_Exercise objective:_
Lines below starting with the line with "The KSM195 KitchenAid" and going on through the line with "比如在西溪菜市的入口及一楼休" must be output exactly; the rest of the records must be left out.

_Records shown:_
________

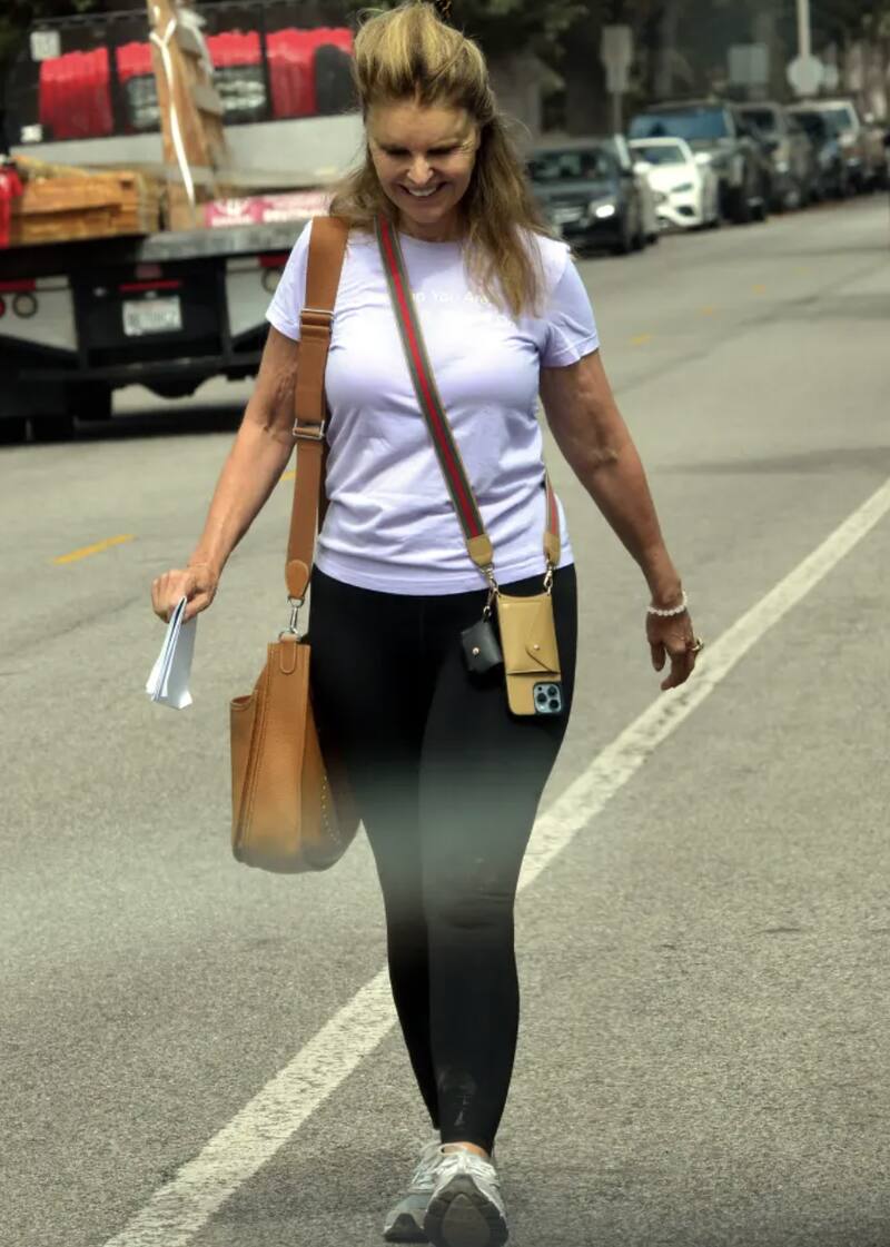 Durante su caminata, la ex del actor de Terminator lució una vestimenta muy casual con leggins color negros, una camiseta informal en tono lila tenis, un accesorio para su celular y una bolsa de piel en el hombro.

________

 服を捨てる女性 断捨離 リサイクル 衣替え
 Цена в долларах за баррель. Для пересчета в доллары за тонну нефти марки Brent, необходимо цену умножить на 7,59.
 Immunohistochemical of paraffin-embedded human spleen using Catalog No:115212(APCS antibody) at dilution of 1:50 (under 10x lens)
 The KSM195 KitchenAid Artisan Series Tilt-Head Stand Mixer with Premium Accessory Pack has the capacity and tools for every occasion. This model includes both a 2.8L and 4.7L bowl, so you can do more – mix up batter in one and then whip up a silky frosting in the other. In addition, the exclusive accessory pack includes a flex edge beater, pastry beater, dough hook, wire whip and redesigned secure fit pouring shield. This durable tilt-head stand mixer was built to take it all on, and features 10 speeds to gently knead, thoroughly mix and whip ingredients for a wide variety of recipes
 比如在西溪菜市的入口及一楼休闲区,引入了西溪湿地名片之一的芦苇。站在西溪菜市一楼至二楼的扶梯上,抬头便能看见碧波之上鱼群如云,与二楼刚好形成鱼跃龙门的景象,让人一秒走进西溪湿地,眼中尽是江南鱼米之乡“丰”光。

________

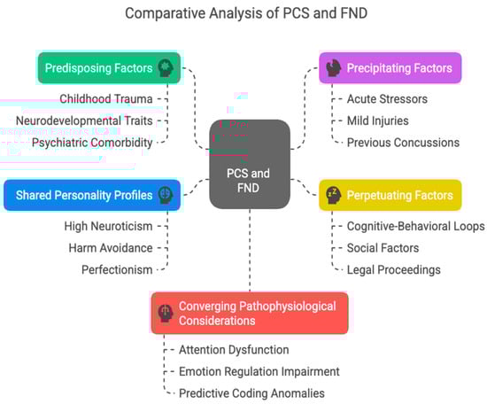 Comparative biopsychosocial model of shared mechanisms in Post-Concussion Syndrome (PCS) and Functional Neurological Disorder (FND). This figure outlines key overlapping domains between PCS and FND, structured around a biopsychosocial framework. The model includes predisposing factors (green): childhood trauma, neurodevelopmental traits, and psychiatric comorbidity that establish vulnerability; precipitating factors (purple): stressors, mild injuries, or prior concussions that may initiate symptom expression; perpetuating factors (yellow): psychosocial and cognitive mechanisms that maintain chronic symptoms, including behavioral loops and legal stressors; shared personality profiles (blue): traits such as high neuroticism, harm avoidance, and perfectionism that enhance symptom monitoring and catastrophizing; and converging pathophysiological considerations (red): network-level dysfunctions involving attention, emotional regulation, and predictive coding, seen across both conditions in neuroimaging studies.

________

_Solution to this exercise:_
 The KSM195 KitchenAid Artisan Series Tilt-Head Stand Mixer with Premium Accessory Pack has the capacity and tools for every occasion. This model includes both a 2.8L and 4.7L bowl, so you can do more – mix up batter in one and then whip up a silky frosting in the other. In addition, the exclusive accessory pack includes a flex edge beater, pastry beater, dough hook, wire whip and redesigned secure fit pouring shield. This durable tilt-head stand mixer was built to take it all on, and features 10 speeds to gently knead, thoroughly mix and whip ingredients for a wide variety of recipes
 比如在西溪菜市的入口及一楼休闲区,引入了西溪湿地名片之一的芦苇。站在西溪菜市一楼至二楼的扶梯上,抬头便能看见碧波之上鱼群如云,与二楼刚好形成鱼跃龙门的景象,让人一秒走进西溪湿地,眼中尽是江南鱼米之乡“丰”光。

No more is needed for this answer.